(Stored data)
BEGIN

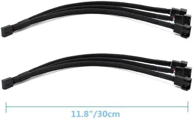 PWM Fan Splitter Adapter Cable Sleeved Braided Y Splitter Computer PC 4 Pin Fan Extension Power Cable 1 to 3 Converter for Computer ATX Case 4-Pin/3-Pin Cooling Fan Cable (11.8" -2 Pack)
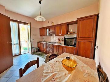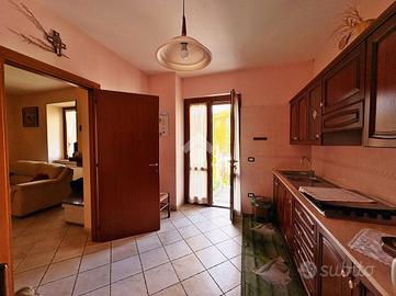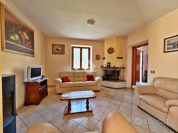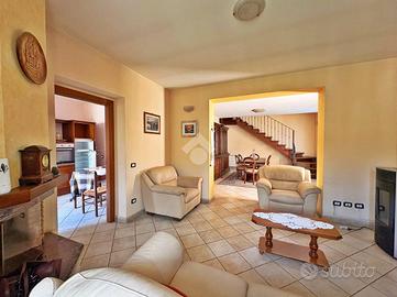 Al piano terra si trovano un accogliente soggiorno con camino e stufa, una sala da pranzo, una cucina abitabile con accesso diretto all'orto, uno studio/lavanderia e un bagno di servizio. Gli ambienti sono caldi e funzionali, perfetti per la vita quotidiana e per momenti di convivialità in famiglia.
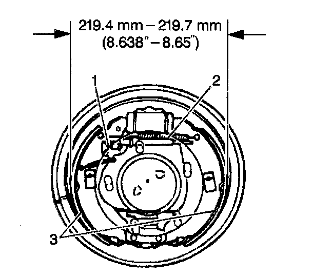 1. Before installing the drum, measure the outer diameter of the brake shoes (3). The outer diameter of the brake shoes should be between 219.4 mm (8.638 inch) and 219.7 mm (8.650 inch). If the outer diameter of the brake shoes is not within specification, turn the adjuster (2) in order to adjust the outer diameter of the shoes.
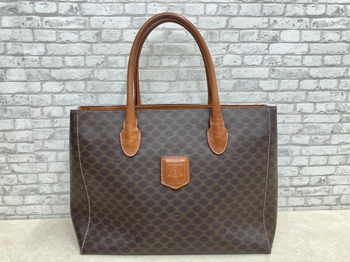 - 鑑定書付 CELINE セリーヌ マカダム柄トートバッグ ハンドバッグ MC97 ブラウン PVC イタリア製
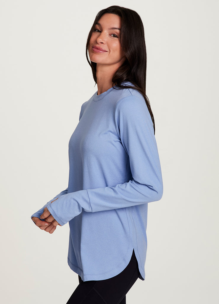 Practice your poses in our Studio Practice Long Sleeve Tunic Tee. With its longer tunic-length design and side slits, this long sleeve t-shirt fits comfortably and provides coverage in the areas you want it most. The upgraded EverydaySoft jersey fabric is ultra soft, stretchy and lightweight while lightly draping your body for a flattering and comfortable fit. Finished with thumbholes to help keep sleeves in place for a full range of distraction-free movement, you can wear this long sleeve top to any workout, hang out and beyond.
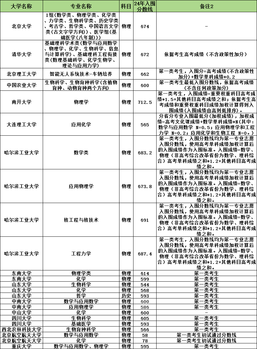 各院校强基计划在甘肃2024入围分数线:
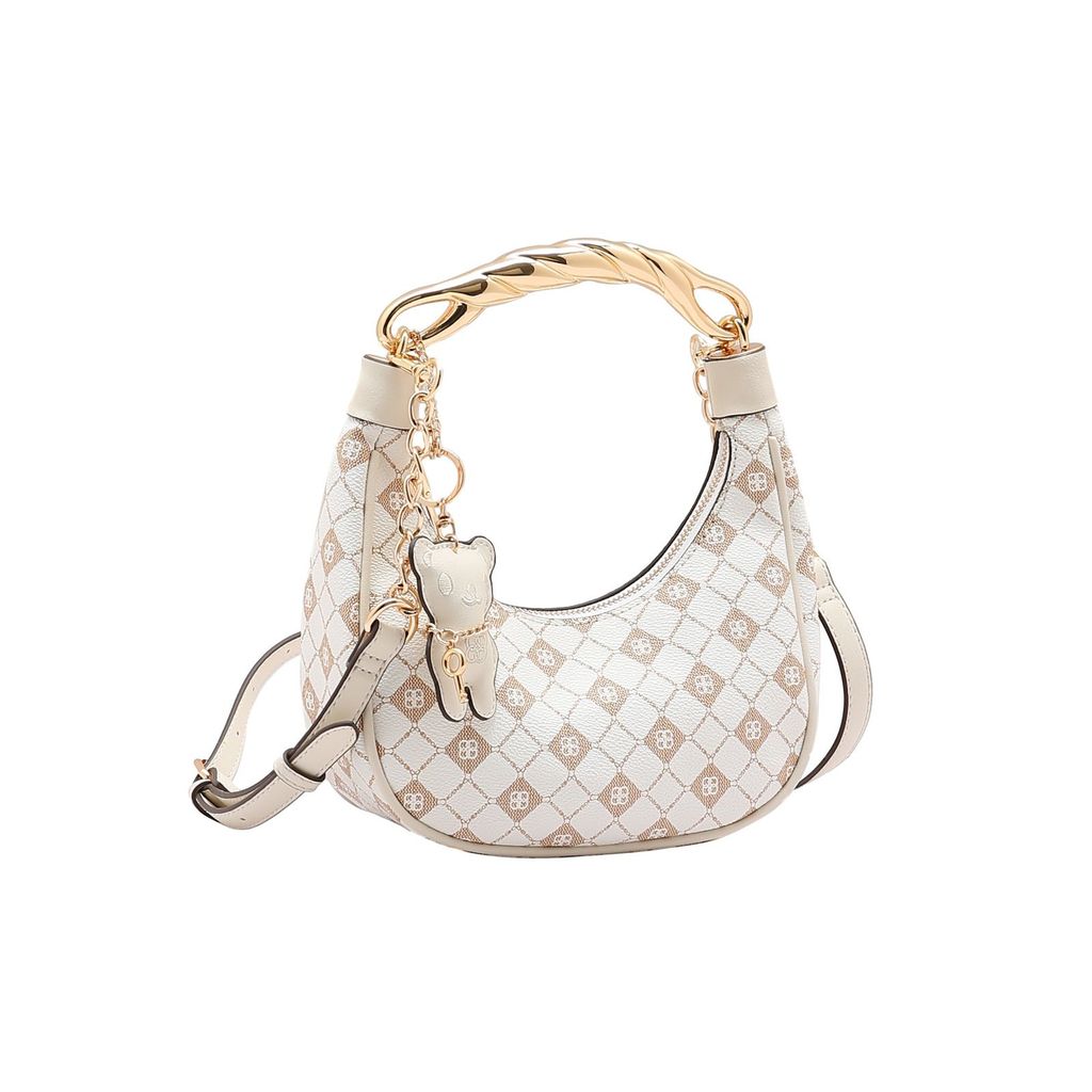 Bolsa Feminina Chenson Monograma Elemento Gráfico 3485392 Com design moderno e sofisticado, a bolsa Chenson 3485392 une estilo e funcionalidade em um acessório marcante. Seu corpo estruturado em formato meia-lua com estampa monograma contém uma identidade visual elegante e atemporal. O destaque vai para a alça principal com acabamento metálico torcido, que dá um toque de luxo instantâneo à peça. A alça transversal ajustável e removível garante versatilidade no uso - no ombro ou a tiracolo. Possui compartimento interno com divisórias práticas para o dia a dia. O chaveiro de ursinho com corrente dourada adiciona um toque delicado e cheio de personalidade. Ideal para quem busca uma bolsa compacta, funcional e com muito estilo. Dimensões Aproximadas: Altura: 20 cm Largura: 8 cm Comprimento: 17 cm Alça Principal: 14 cm Alça Transversal Removível: 53 cm Cuidados com o Produto: Guarde em um local seco e arejado, evitando locais úmidos. Evite colocar excesso de peso no produto para não forçar os zíperes e costuras. Proteja os objetos cortantes e/ou pontiagudos, evitando o contato direto com o produto. Evite altas temperaturas. Evite exposição prolongada à luz solar intensa, pois pode causar desbotamento do material. Cores claras podem manchar ao entrar em contato com objetos ou roupas de cores pigmentadas. Dicas de Limpeza: Para a limpeza, utilize apenas pano úmido com sabão neutro. Não mergulhe na água e não utilize componentes químicos, solventes ou alvejantes. Não deixe de molho e seque à sombra. Após a limpeza, use um pano seco para remover o excesso de umidade e preservar a textura do material.
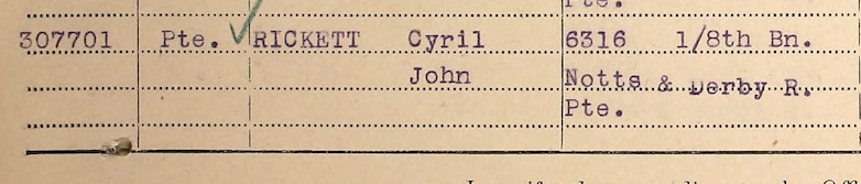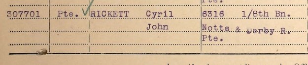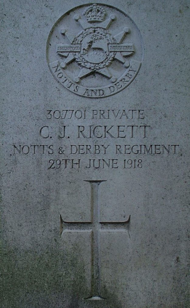 Cyril John Rickett died of his wounds at home in Nottingham aged 19. Married to Millicent Gertrude Rickett of West Bridgford.
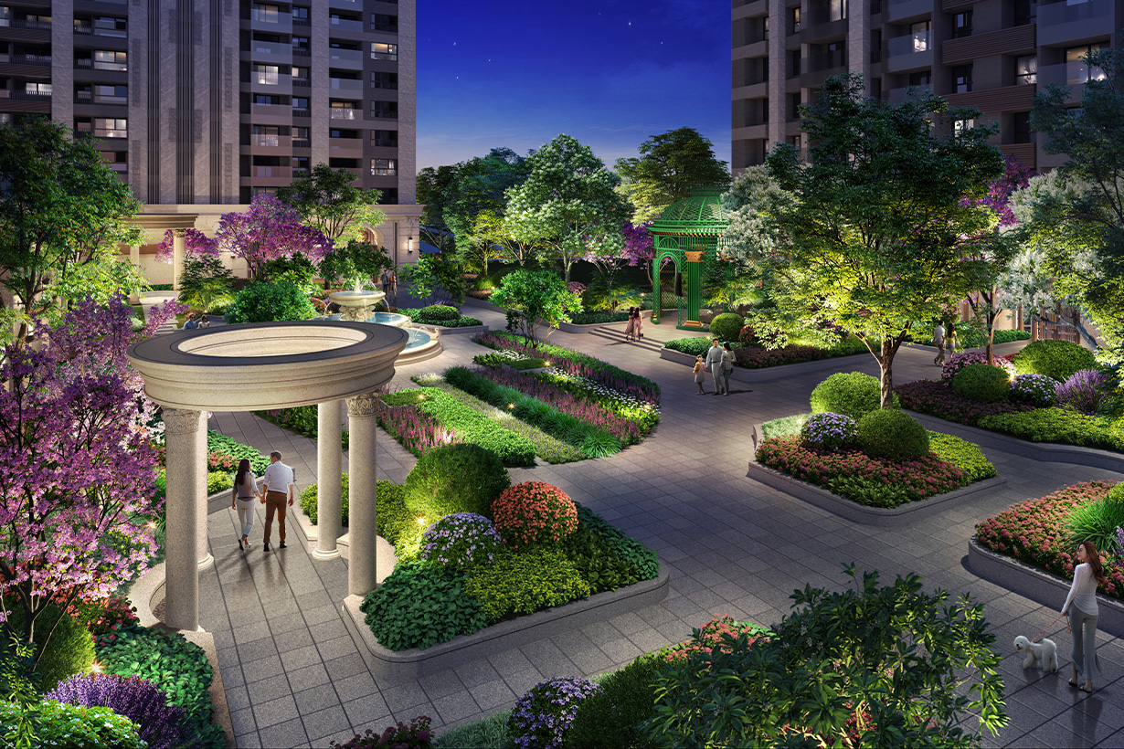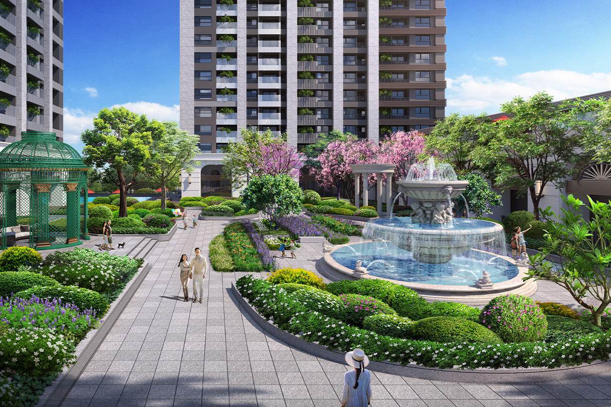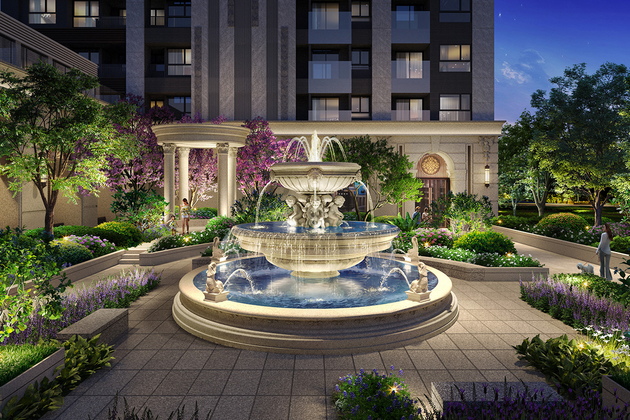 打造都市中少見的千坪中庭花園,私享一片城市綠境,歐式噴泉水池及繽紛四季花藝相互呼應,營造如同宮廷花園般的藝術庭園。
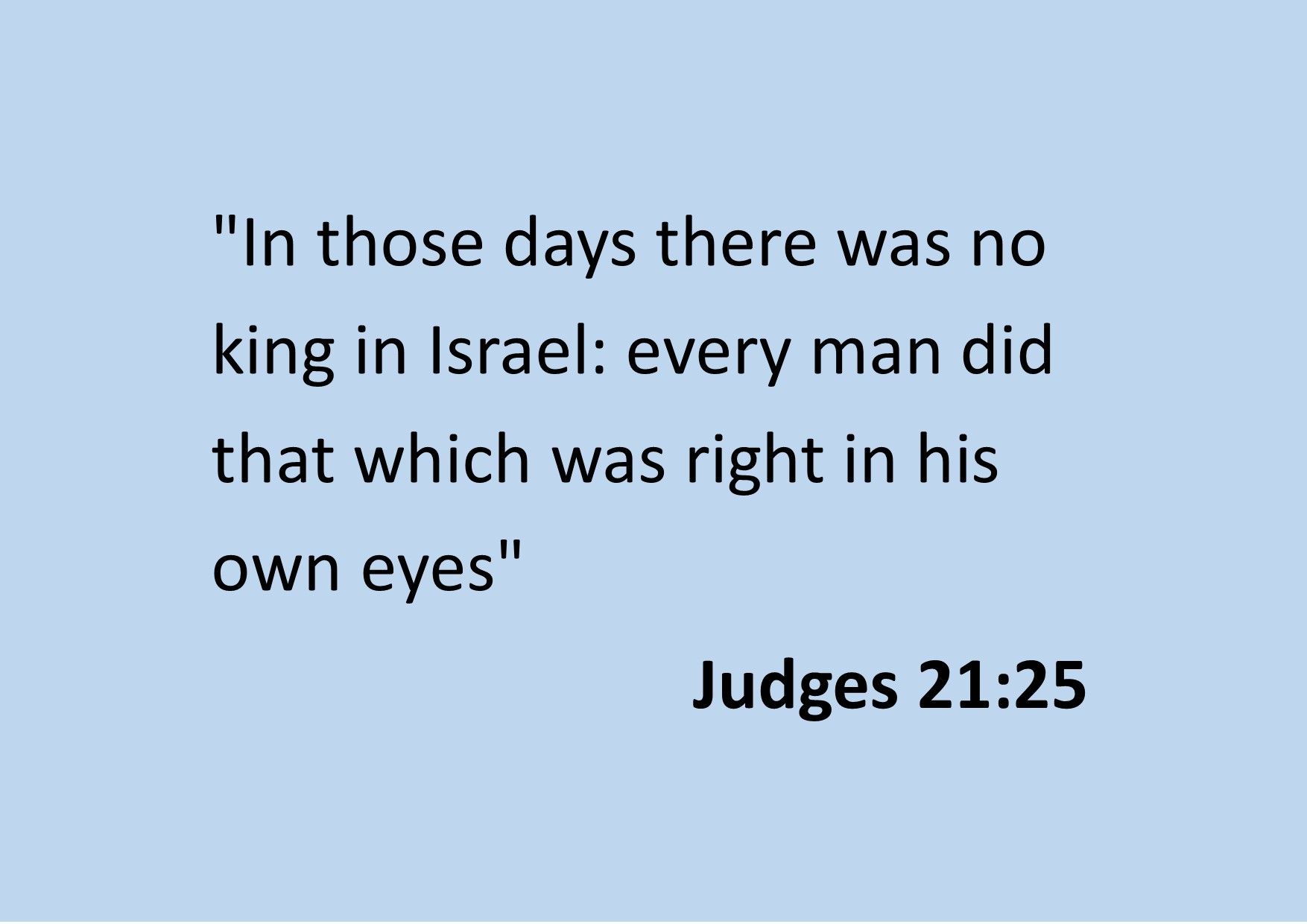 The last five chapters of Judges do not involve Judges but tell two stories involving priests (Levites), who rather than acting as spiritual leaders in the good sense (as was meant to be), do so in the bad sense. We note a strangely modern relating phenomenon of people gravitating toward false religion and avoiding the true. Both are harrowing stories. It would be difficult to know how to tell these to Sunday School children, having the luxury of picking good bits from the likes of Gideon and Samson. In the first, the main sin was idolatry and in the second it was sexual immorality – what were to be reoccurring themes. We are reminded that God put them there for a reason, showing what happens when people turn from God. The final verse is a salutary reminder of what was taking place.
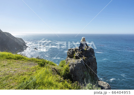 USA, California, Big Sur, Woman sitting at the edge of cliff looking at view
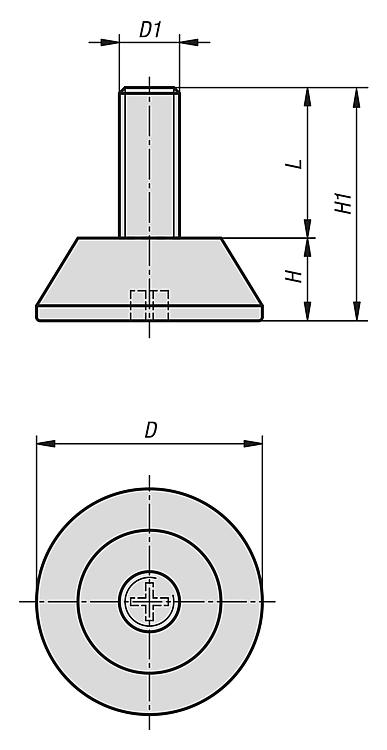 提示:带十字槽的调节支脚,在脚杯体中用作安装辅助。

END

* Your objective *
Only an exact copy of the records, free of images, belongs in the answer.

* Result for this task *
 PWM Fan Splitter Adapter Cable Sleeved Braided Y Splitter Computer PC 4 Pin Fan Extension Power Cable 1 to 3 Converter for Computer ATX Case 4-Pin/3-Pin Cooling Fan Cable (11.8" -2 Pack)
 Al piano terra si trovano un accogliente soggiorno con camino e stufa, una sala da pranzo, una cucina abitabile con accesso diretto all'orto, uno studio/lavanderia e un bagno di servizio. Gli ambienti sono caldi e funzionali, perfetti per la vita quotidiana e per momenti di convivialità in famiglia.
 1. Before installing the drum, measure the outer diameter of the brake shoes (3). The outer diameter of the brake shoes should be between 219.4 mm (8.638 inch) and 219.7 mm (8.650 inch). If the outer diameter of the brake shoes is not within specification, turn the adjuster (2) in order to adjust the outer diameter of the shoes.
 - 鑑定書付 CELINE セリーヌ マカダム柄トートバッグ ハンドバッグ MC97 ブラウン PVC イタリア製
 Practice your poses in our Studio Practice Long Sleeve Tunic Tee. With its longer tunic-length design and side slits, this long sleeve t-shirt fits comfortably and provides coverage in the areas you want it most. The upgraded EverydaySoft jersey fabric is ultra soft, stretchy and lightweight while lightly draping your body for a flattering and comfortable fit. Finished with thumbholes to help keep sleeves in place for a full range of distraction-free movement, you can wear this long sleeve top to any workout, hang out and beyond.
 各院校强基计划在甘肃2024入围分数线:
 Bolsa Feminina Chenson Monograma Elemento Gráfico 3485392 Com design moderno e sofisticado, a bolsa Chenson 3485392 une estilo e funcionalidade em um acessório marcante. Seu corpo estruturado em formato meia-lua com estampa monograma contém uma identidade visual elegante e atemporal. O destaque vai para a alça principal com acabamento metálico torcido, que dá um toque de luxo instantâneo à peça. A alça transversal ajustável e removível garante versatilidade no uso - no ombro ou a tiracolo. Possui compartimento interno com divisórias práticas para o dia a dia. O chaveiro de ursinho com corrente dourada adiciona um toque delicado e cheio de personalidade. Ideal para quem busca uma bolsa compacta, funcional e com muito estilo. Dimensões Aproximadas: Altura: 20 cm Largura: 8 cm Comprimento: 17 cm Alça Principal: 14 cm Alça Transversal Removível: 53 cm Cuidados com o Produto: Guarde em um local seco e arejado, evitando locais úmidos. Evite colocar excesso de peso no produto para não forçar os zíperes e costuras. Proteja os objetos cortantes e/ou pontiagudos, evitando o contato direto com o produto. Evite altas temperaturas. Evite exposição prolongada à luz solar intensa, pois pode causar desbotamento do material. Cores claras podem manchar ao entrar em contato com objetos ou roupas de cores pigmentadas. Dicas de Limpeza: Para a limpeza, utilize apenas pano úmido com sabão neutro. Não mergulhe na água e não utilize componentes químicos, solventes ou alvejantes. Não deixe de molho e seque à sombra. Após a limpeza, use um pano seco para remover o excesso de umidade e preservar a textura do material.
 Cyril John Rickett died of his wounds at home in Nottingham aged 19. Married to Millicent Gertrude Rickett of West Bridgford.
 打造都市中少見的千坪中庭花園,私享一片城市綠境,歐式噴泉水池及繽紛四季花藝相互呼應,營造如同宮廷花園般的藝術庭園。
 The last five chapters of Judges do not involve Judges but tell two stories involving priests (Levites), who rather than acting as spiritual leaders in the good sense (as was meant to be), do so in the bad sense. We note a strangely modern relating phenomenon of people gravitating toward false religion and avoiding the true. Both are harrowing stories. It would be difficult to know how to tell these to Sunday School children, having the luxury of picking good bits from the likes of Gideon and Samson. In the first, the main sin was idolatry and in the second it was sexual immorality – what were to be reoccurring themes. We are reminded that God put them there for a reason, showing what happens when people turn from God. The final verse is a salutary reminder of what was taking place.
 USA, California, Big Sur, Woman sitting at the edge of cliff looking at view
 提示:带十字槽的调节支脚,在脚杯体中用作安装辅助。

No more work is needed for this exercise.